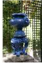
Lin.V, Westl. Parterre, Vase mit Faunköpfen als Handhaben, DI006051, BSV
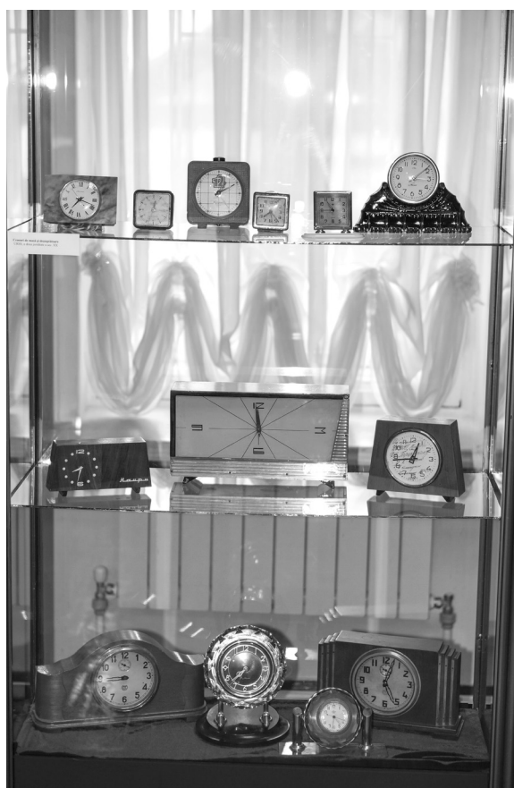
4. Expoziția „Ceasul de-a lungul timpului” (detaliu).
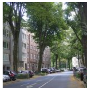
Von der Cranachstraße aus
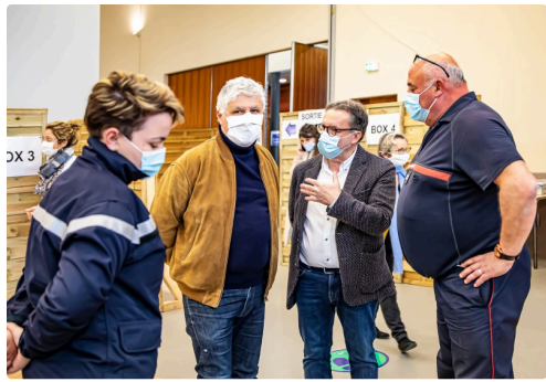
Discussion avec des sapeurs-pompiers
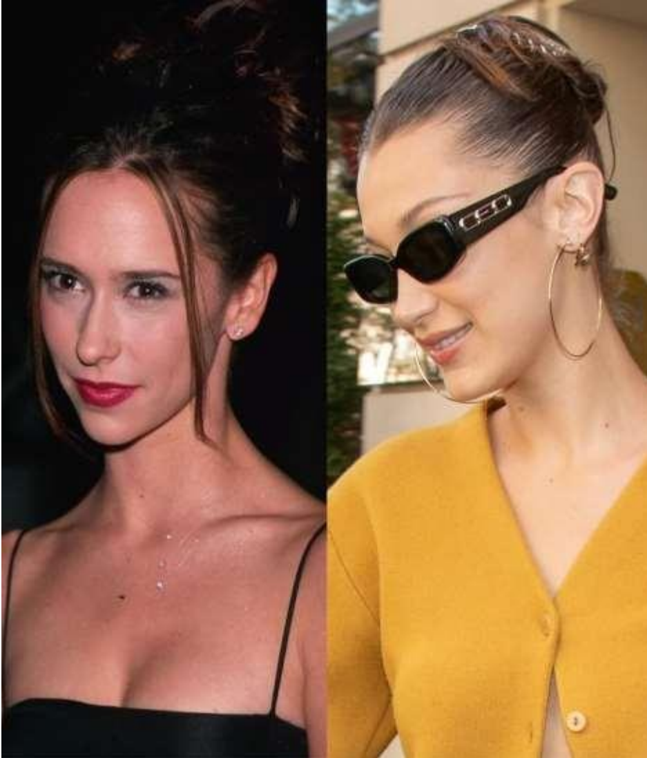
Getty Images, “Jennifer Love Hewitt”. Getty Images, “Bella Hadid”.

Τέλος, ένα ακόμη παράδειγμα της επιρροής του '90, είναι και τα διάφορα χτενίσματα και αξεσουάρ για τα μαλλιά που «επέστρεψαν» στην μόδα. Τα μεγάλα κοκαλάκια για τα μαλλιά (claw clips) βρίσκονται ακόμα στα αξεσουάρ όλων των γυναικών και συνδυάζονται και με κοσμήματα της ίδιας δεκαετίας (κρίκοι) όπως βλέπουμε στην δεξιά φωτογραφία ενός μοντέλου της εποχής μας.
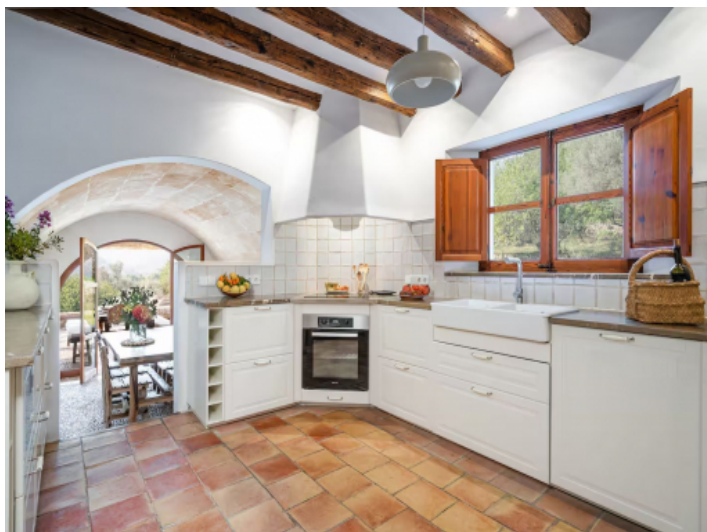
Helle Landhausküche mit Holzbalken, Terrakottaboden und
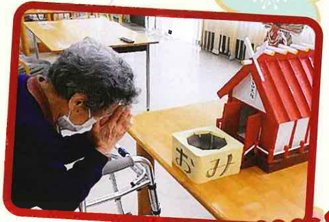
わらび大社にお参り、くじ引きを 引きました！大吉が出るかな？
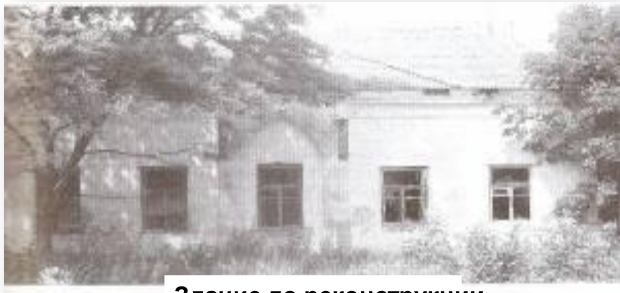
Здание до реконструкции

В 30-40-я годы XIX ст. на Беларуси начали строить дороги нового типа - шоссейные. В 1843 и 1846 гг. В России разрабатывались "образцовые" проекты станционных соглашений, которые строили около шоссейных дорог. На бывшем большаке Москва - Варшава около д. Соколовка сохранился такой дом. Это одноэтажное строение под высокой двускатной крышей.
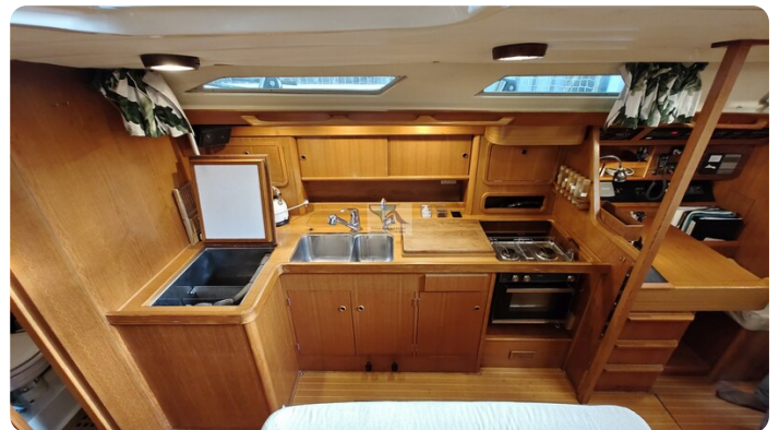
Grand Soleil 45 101
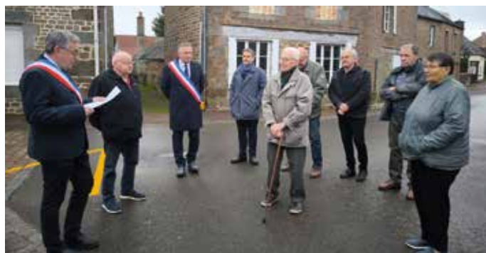
MONUMENTS AUX MORTS DE SAINTE-CROIX ET DE RABODANGES

Comme chaque année, les habitants de la commune déléguée de La Forêt-Auvray ont accompagné les élus pour la commémoration de l'armistice du 11 novembre. Une gerbe a été déposée au monument aux morts en mémoire de ces jeunes partis combattre lors de la première guerre mondiale afin de défendre notre pays et qui ne sont pas revenus dans leur famille. Ils sont vingt-et-un dont les noms sont cités sur le monument, le plus jeune n'avait que vingt ans quand il est décédé.
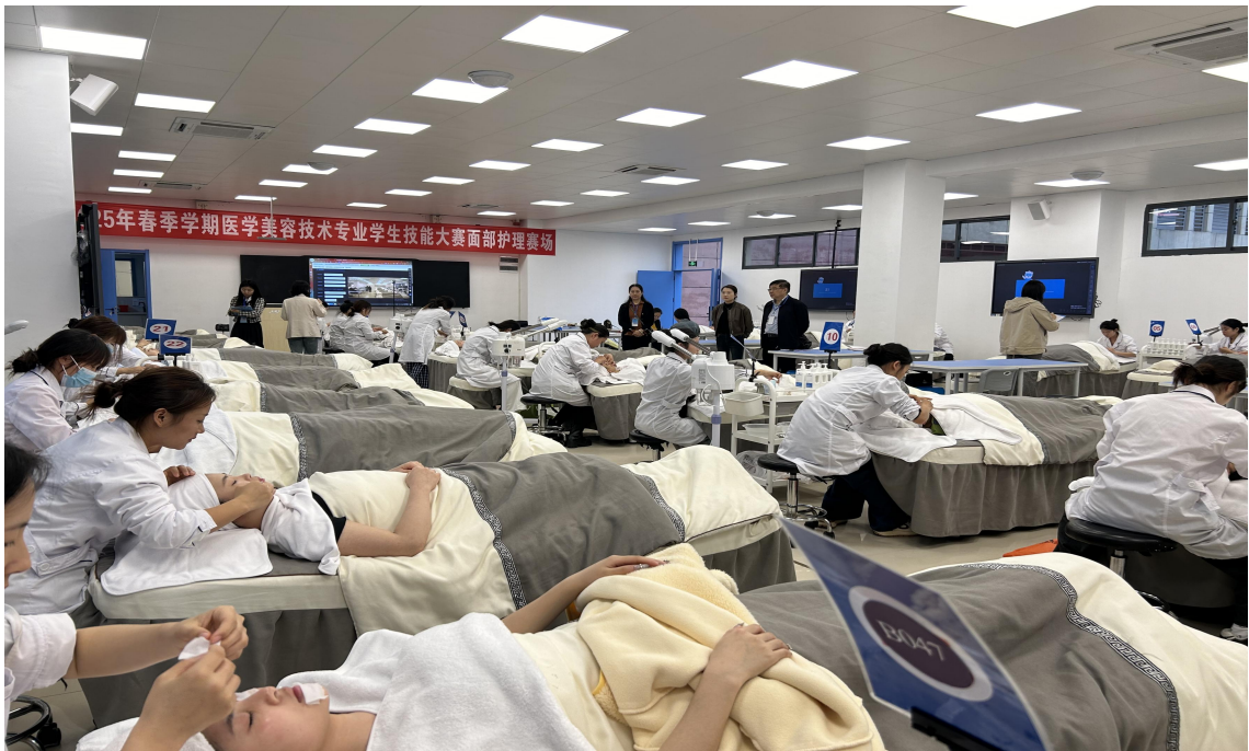
图 1-12：美容师职业技能等级认定实操考试现场
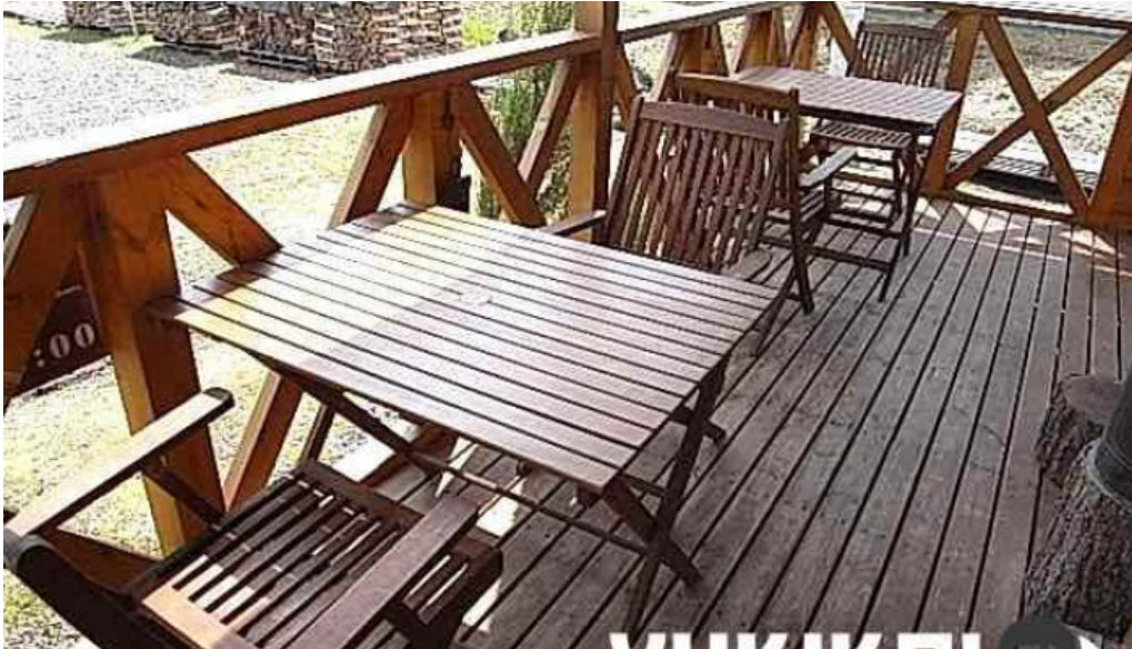
Kahue gurasuru tsu subete
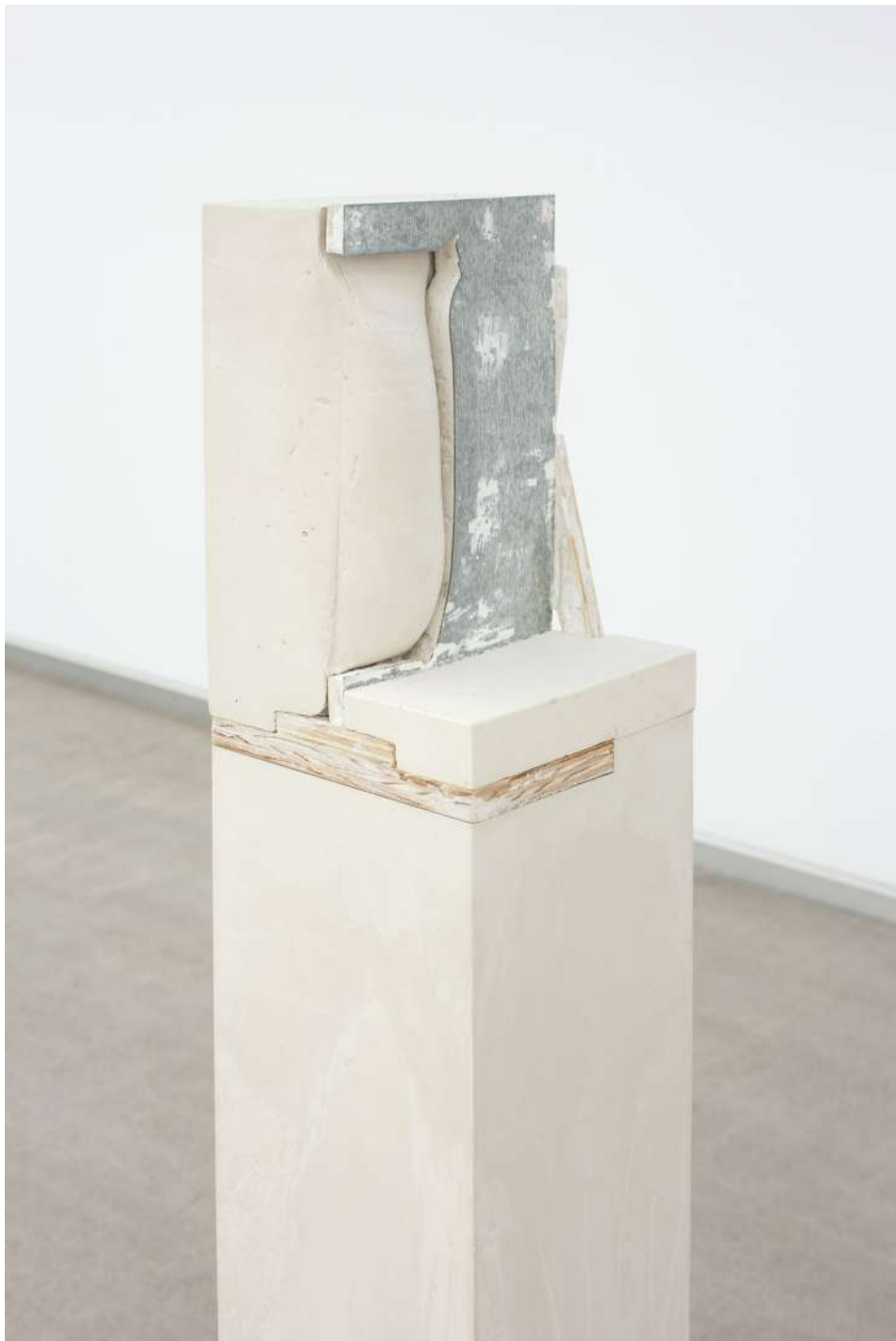
Tarraja , 2020 Escayola, madera, lámina de aluminio. 146 x 22,5 x 22 cm.
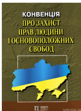
Конвенція про захист прав людини і основоположних свобод. Збірник законодавчих актів. Алерта
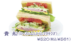
貴船(ロースカツとかにメヨサラダ) ¥520(税込¥561)
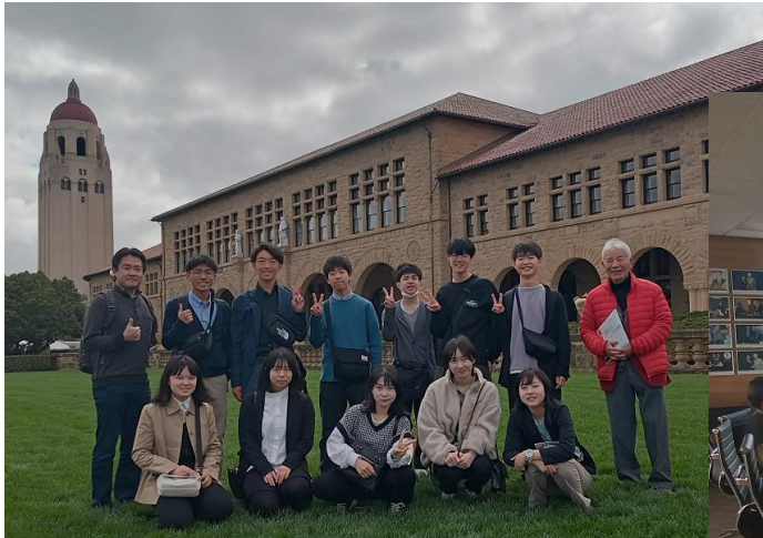
スタンフォード大学
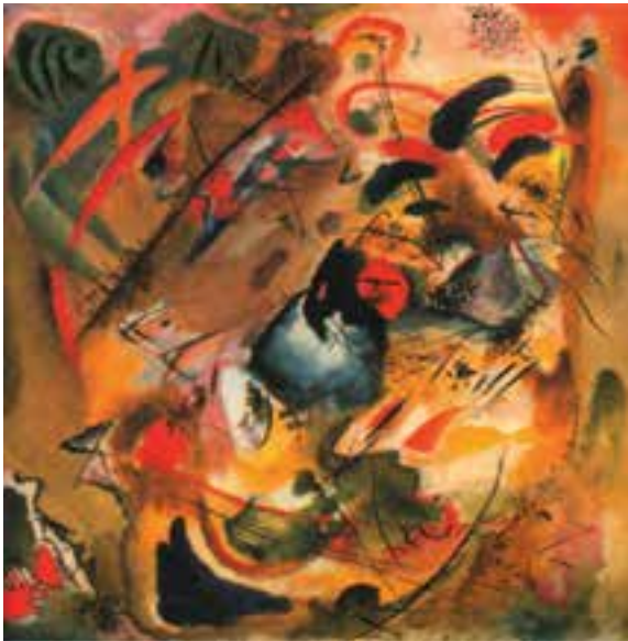
بدیه‌نگاری، واسیلی کاندینسکی، سبک انتزاعی
☆ ☆ ☆ ☆ ☆
» **Exercise brief**: Find the line with "Здание до реконструкции" and the line with "MONUMENTS AUX MORTS" in the records above. Copy both and all lines between them exactly, without pictures.

» **Exercise solution**:
Здание до реконструкции

В 30-40-я годы XIX ст. на Беларуси начали строить дороги нового типа - шоссейные. В 1843 и 1846 гг. В России разрабатывались "образцовые" проекты станционных соглашений, которые строили около шоссейных дорог. На бывшем большаке Москва - Варшава около д. Соколовка сохранился такой дом. Это одноэтажное строение под высокой двускатной крышей.
Grand Soleil 45 101
MONUMENTS AUX MORTS DE SAINTE-CROIX ET DE RABODANGES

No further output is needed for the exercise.